Trois pays quittent la Cedeao

Pour le Niger, le Mali et le Burkina Faso, la récente décision de se retirer de la Communauté économique des États de l’Afrique de l’Ouest (Cédéao) soulève des questions sur la manière dont ils géreront la mobilité régionale à l’avenir.

La Cedeao couvre une variété de secteurs, mais la migration est un secteur majeur. Les protocoles du bloc depuis 1979 ont longtemps été considérés comme un brillant exemple de libre circulation sur le continent. Ils ont donné aux citoyens le droit de se déplacer entre les pays de la région sans visa, ainsi qu’un droit potentiel de résidence et de création d’entreprise.

En tant qu’universitaires multidisciplinaires, nous avons déjà étudié la gouvernance des migrations en Afrique de l’Ouest , au niveau régional , et dans des contextes particuliers comme celui du Niger .

Nous soutenons que le Niger, le Mali et le Burkina Faso ont beaucoup à perdre si leur départ de la Cedeao restreint la mobilité. Mais il est probable que la mobilité informelle se poursuive de toute façon.

Pourquoi la libre circulation est importante

En septembre 2023, les trois pays ont créé un pacte de défense mutuelle , baptisé Alliance des États du Sahel . Cela témoigne de leur solidarité face à l’insécurité.

Mais ils dépendent également des pays voisins de la région, ce qui met ces trois pays dans une position difficile.
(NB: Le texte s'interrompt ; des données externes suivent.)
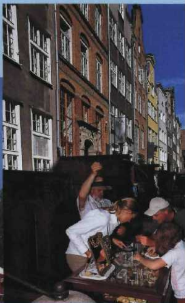
Auf der Suche nach B... in der Fra...
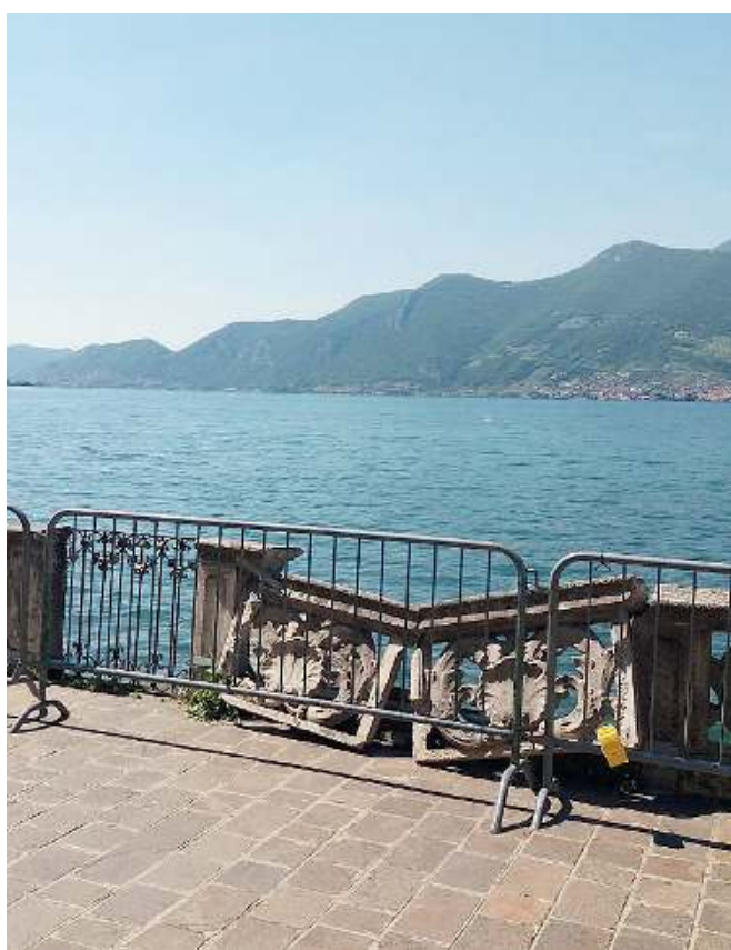
Dopo la lagheggiata. I danni sul lungolago d'Iseo, nel maggio scorso

A Iseo. Non figura tra i beneficiari per il 2020 il Comune di Iseo, che aveva inserito la manutenzione del lungolago tra i lavori per l'anno in corso, con la richiesta di 400mila euro. La scorsa primavera la passeggiata del lungolago Marconi aveva subito grossi danni a causa delle violente lagheggiate, tanto da dover anticipare alcune opere di rattoppo ad inizio estate, pena la non accessibilità del percorso. Con il cambio di amministrazione, le opere dedicate al lungolago sono aumentate di importo, come conferma il sindaco di Iseo Marco Ghitti: per il momento la cifra appostata per il 2021, su cui chiedere il finanziamento, è sempre di 400mila euro, ma sarà destinata ad aumentare, come conferma Ghitti: «Per il completo consolidamento del lungolago dai giardini Garibaldi al porto Gabriele Rosa servono un milione 200mila euro. L'Amministrazione di Iseo programmerà i lavori in due tranches da 600mila euro ognuna per il
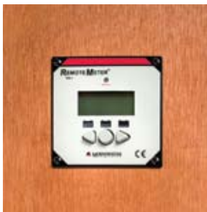
Montaje en pared
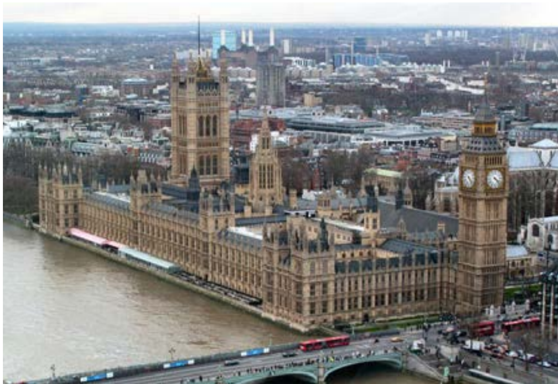
El Palacio de Westminster en Londres alberga la icónica Torre Elizabeth, popularmente conocida como Big Ben. Este famoso nombre, en realidad, se refiere a la enorme Gran Campana que se encuentra dentro de la torre del reloj, no a la torre en sí.

Imaginé la pompa y la circunstancia que se habían desarrollado allí a lo largo de los años, un marcado contraste con la belleza tranquila del parque. Londres, incluso en el primer día, ya había revelado su encanto multifacético: historia antigua, modernidad bulliciosa y rincones inesperados de tranquilidad.

Les trois pays qui ont annoncé leur retrait de la Cedeao sont connectés dans un réseau de mobilité. Le Niger, considéré comme un pays de transit clé pour les réfugiés et autres migrants en route vers l’Europe, a notamment reçu des fonds et un soutien importants de la part de l’Union européenne pour empêcher la migration vers la Libye et au-delà.

L’une des mesures centrales était la loi 2015-36 , une loi qui punissait les personnes transportant des migrants d’amendes et de peines de prison. La loi a été principalement élaborée par des acteurs externes et a eu des effets néfastes sur l’ économie locale . Cela a également rendu les voyages migratoires à travers le désert du Sahara encore plus dangereux .

En novembre 2023, la loi, qui violait sans doute les principes de libre circulation de la Cedeao, a été abrogée par les putschistes nigériens.

Le Mali est un autre pays de transit majeur dans la région, ainsi qu’un pays d’origine pour la migration régionale. Son histoire en matière de coopération migratoire avec l’Europe est compliquée.

Moins pertinent pour l’Europe, mais plus pour les dynamiques régionales, le Burkina Faso est au centre des migrations régionales , souvent saisonnières. La migration de main-d’œuvre soutient l’industrie du cacao en Côte d’Ivoire. Après le retrait de la CEDEAO, une telle migration de main-d’œuvre pourrait s’avérer difficile à moins que les gens ne recourent davantage à la migration informelle.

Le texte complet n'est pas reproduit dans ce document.